Each year in the U.S. nearly 500,000 babies are born prematurely. Premature births are a leading cause of long-term neurologic disabilities in children and cost more than $26 billion per year. Premature infants are cared for in the neonatal intensive care unit (NICU) where more than 33,000 develop a healthcare associated infection (HAI). HAIs are estimated to result in $28-45 billion in healthcare costs annually. In addition to the short-term costs of HAIs, neonatal infections contribute to devastating neurologic disabilities and poor growth outcomes. Staphylococcus aureus (S. aureus) is the second most common pathogen causing HAIs in neonates. Out of 57,000 very low birth weight infants, an estimated 3.7% develop bloodstream or central nervous system S. aureus infections annually with an attributable mortality of 25%. Despite aggressive measures to prevent S. aureus infections in neonates, the burden of S. aureus disease remains high in this population. We propose a new paradigm to prevent S. aureus HAIs in neonates. Parents, rather than healthcare workers, may be a key reservoir from which neonates acquire S. aureus colonization in the NICU. This finding is consistent with a changing NICU environment where skin-to-skin contact between parents and neonates is encouraged and may promote S. aureus transmission, while at the same time, common hospital infection prevention measures have reduced healthcare worker transmission of S. aureus. The long term objective of this proposal is to prevent HAIs in neonates, especially those caused to S. aureus.

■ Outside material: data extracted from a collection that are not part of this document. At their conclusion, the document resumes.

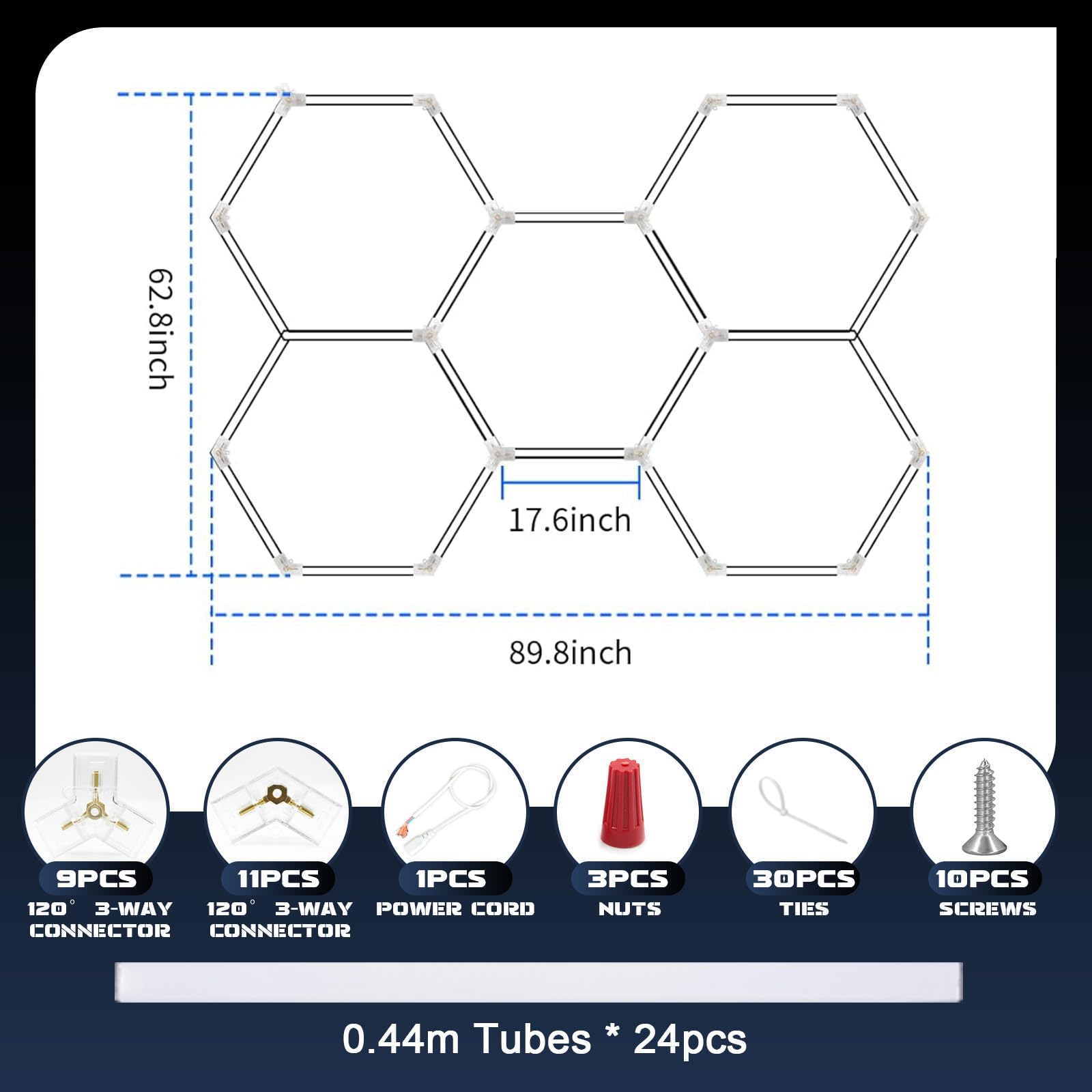 - Lieferumfang: 1x Netzkabel (für Festverdrahtung), 24x LED-Röhren, 11x 120° Zweiwege-Verbinder, 9x 120° Dreiwege-Verbinder sowie weiteres Zubehör wie Schrauben.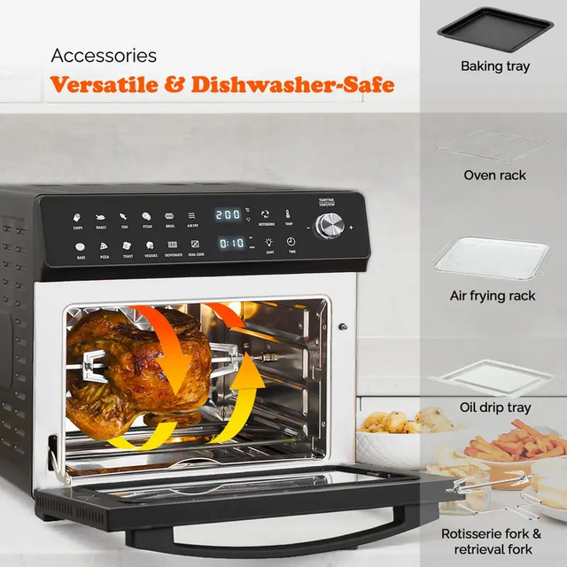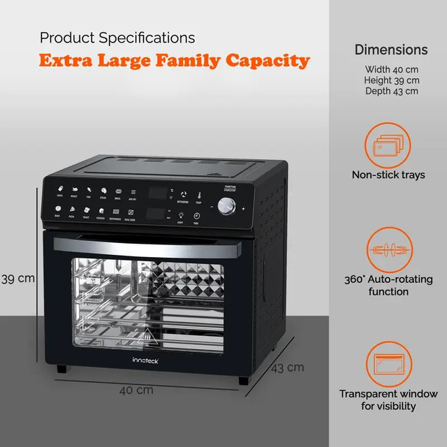 Innoteck Kitchen Pro 26L Digital Air Fryer - Large Air Fryer for Family - Oil-Less Cooking, Timer & Temperature Control - Dual Cook, 360°Hot Air Circulation Technology, 6 Accessories - 60℃-230℃, 1700W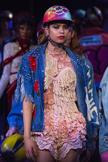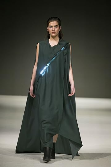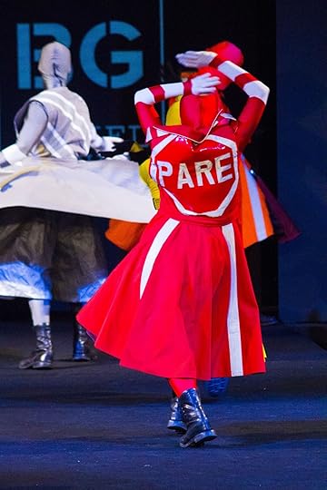 "La propuesta que presenté para el SFW llamada 'Tramas Rescate' es un espectáculo de moda que instala al cuerpo vivo como soporte y medio escénico, diseñando una visión muy personal de urbanidad mediante distintas materialidades, texturas, colores, teñido y pintado a mano y artesanal, pedrería, graffitis pintados en cascos dados de baja y recuperados en el persa Biobío, textos, etc.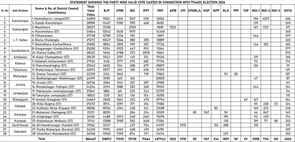 Mixed Results In North District, But Overall Surge For Tipra Motha—BJP Suffers Major Setback In TTAADC.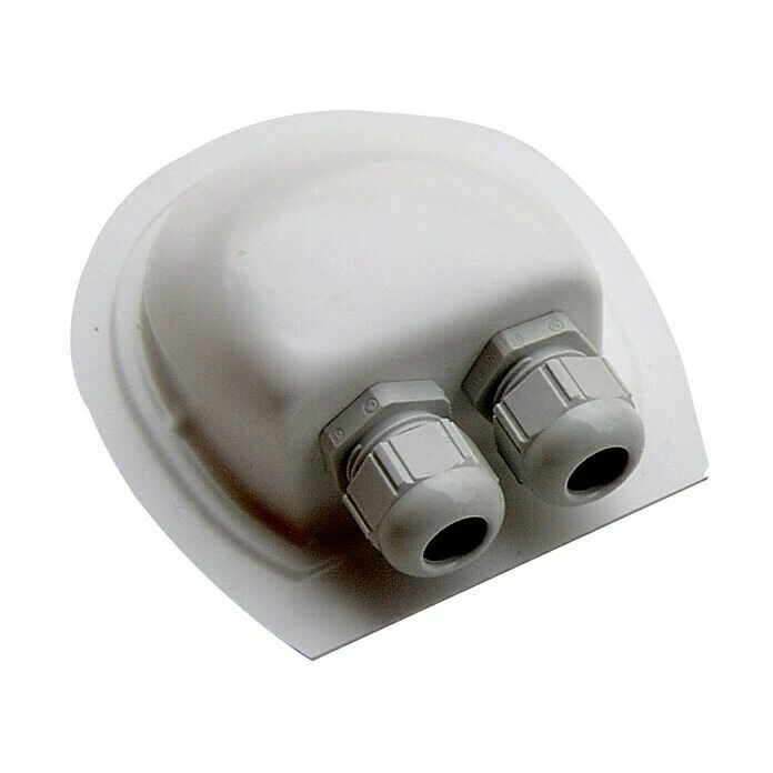 Die Kabeldurchführung von Sunset bestehen aus weißem Kunststoff. Sie werden auf der Montagefläche aufgeklebt und sind aufgrund ihrer UV- und Witterungsbeständigkeit für den Außenbereich geeignet. Die Kabelverschraubungen dichten das durchzuführende Kabel so ab, dass keine Feuchtigkeit in das Gehäuse eindringen kann.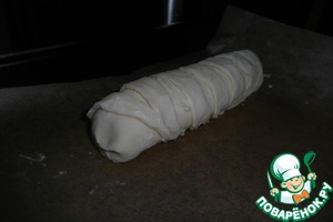 6. Затем сворачиваем рулетик (не плотно), начиная с края, где находится сыр, и защипываем края (обязательно, а то сыр вытечет).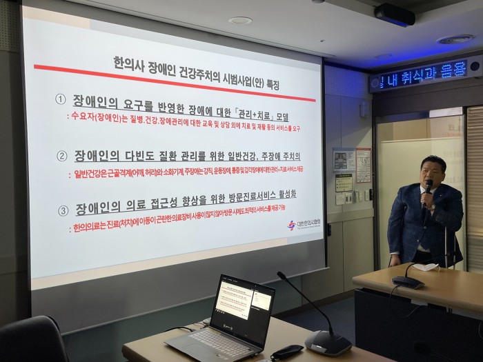지난 8일 이룸센터에서 열린 '한의사 장애인 건강주치의 시범사업 추진 간담회'에서 허영진 대한한의사협회 부회장은 발제를 통해 '한의사 장애인 건강주치의 시범사업 모델'을 공개했다.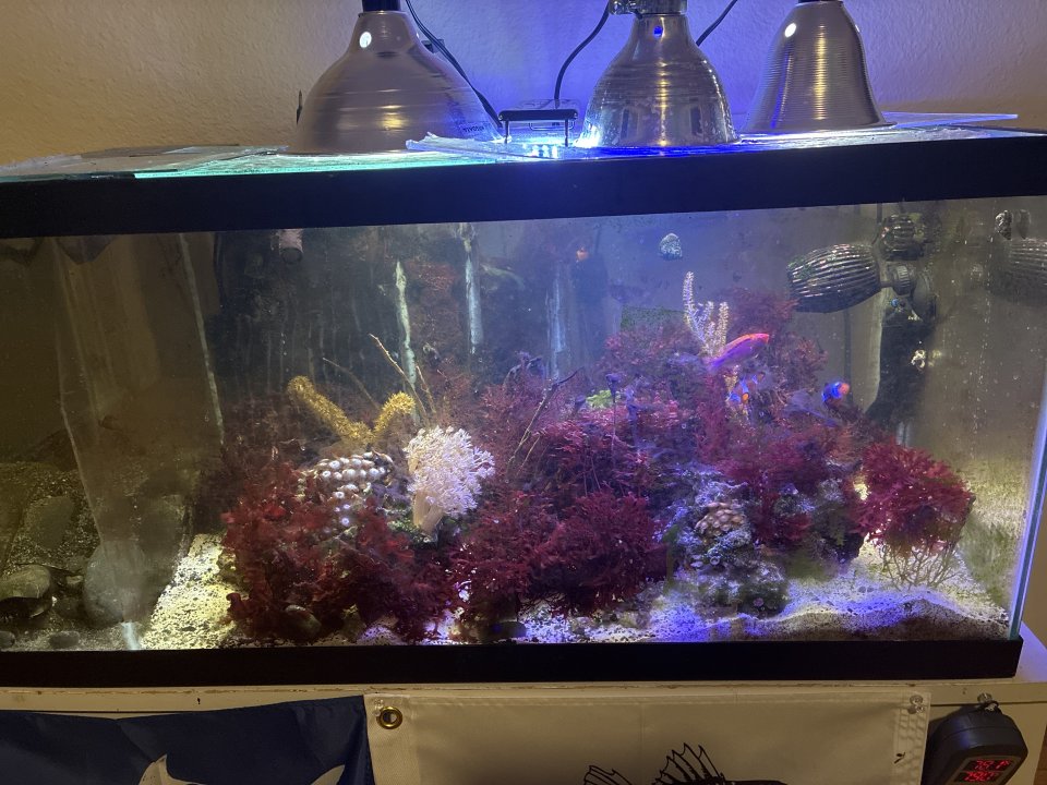 Lot has happened: turned 10G sump into a blackwater tank (with mainly tropical houseplants and Pygmy Corys) and first replaced it with a hacky one made from some cheap plastic tubs, had a leak scare while I was on a work trip from air buildup in my overflow, stripped it down to a sump-less setup running just a nano skimmer, had a pretty bad dino outbreak and couldn’t get my nutrients up once the (dimly lit) sump and its sludge/microfauna were removed despite feeding stupid amounts, got fed up, and then finally built myself an all-in one out of a 40 breeder with a refugium. Not sure how much was needed but liking how the upgrade went. Poor little ruby dragonet died when the dinos (osteo) had been out of control, I’m guessing she was the most susceptible after eating Dino-rich pods all day but that’s just a theory. I just like having a refuge region so I can stare at the baby microfauna anyway.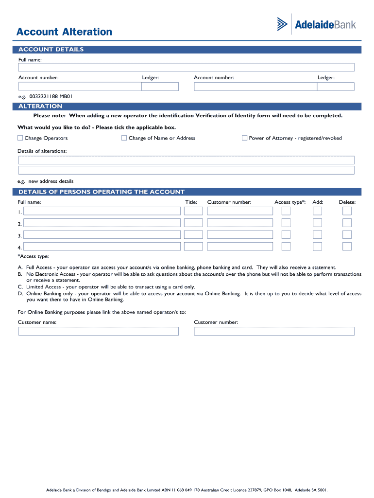 The Account Alteration Form is a financial document used by customers of Adelaide Bank to request changes to their account details.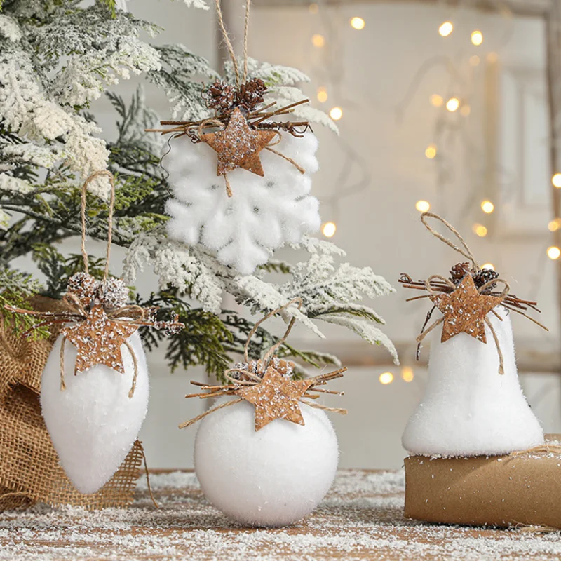 Белый Рождественский шар диаметром 80 мм, снежинка, колокольчик в форме капли воды, украшение для рождественской елки, подвесные елочные Подвески, Подарочные шары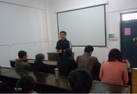 导航痕迹 当前位置: 首页 >> 新闻资讯 >> 学院新闻 >> 正文 我院成功举行第五届研究生会换届大会 作者: 发布日期:2013-03-15 浏览次数: 3月14日中午,我院研究生会在雁山校区12栋教学楼研究生教室举行第五届研究生会换届大会,杨晓老师作为特邀嘉宾与全体研究生会成员参加了本次大会,会议由研究生会副主席杨莉主持。会议伊始,第四届学生会主席周财斌同志对上一年研究生会的工作进行简要的回顾和总结,并以图片的方式展现上一届全体研究生工作成果;春风过后,薪火相传,新一届学生会主席温胜山同志代表全体研究生成员上台发表了就职感言,感谢老师与上届研究生会全体成员的信任与栽培,表示新一届研究生会干部将承前启后,在继承上一届学生会拼搏进取精神的同时,发扬我研究生会的优良传统,努力将我院研究生的各方面工作提升至一个更高的层面。会议以杨晓老师对我研究生会全体成员希望寄托结束,诉述上一届研究生会的工作热情与态度,点出我研究生会特色,并寄语新一届研究生成员践行不怕苦不怕累的精神,做到兼顾学习与工作,磨练意志,成为时代发展的人才。最后杨老师为上一届研究生会全体成员颁发任职聘书并留影;与会全体成员进行合影,也为新老一届研究生会成员顺利交接画上一个圆满句号。杨晓老师在换届大会上讲话上届研究生会主要干部获任聘书后合影出席会议新老研究生会成员合影 上一条:化生学院分会召开“两代会”筹备工作会议 下一条:我院开展团委学生会干部座谈会

The specific aims are Aim 1) to assess S. aureus colonization and strain concordance amongst parents and neonates in the NICU, Aim 2) to measure the effect of treating parents with short course intranasal mupirocin and topical chlorhexidine antisepsis on acquisition of S. aureus colonization in neonates in a randomized controlled trial. We will assemble a cohort of neonates admitted to the NICU and their parents and follow them longitudinally to measure acquisition of S. aureus colonization in neonates in the NICU and determine the role of parents in postnatal S. aureus transmission. Some neonate-parent pairs will be randomized, and parents will receive treatment or control to eradicate S. aureus colonization. The findings of this proposal could change the paradigm of HAI prevention in the NICU from one that focuses on healthcare workers and the environment to one that recognizes parents and visitor as important sources of exposure to pathogens that contribute to HAIs.
Despite decades of research, S. aureus continues to cause life-threatening infections in critically-ill neonates. Identifying reservoirs from which neonates acquire S. aureus and testing novel intervention to prevent S. aureus transmission are essential to prevent the morbidity and mortality associated with S. aureus infections in this vulnerable population.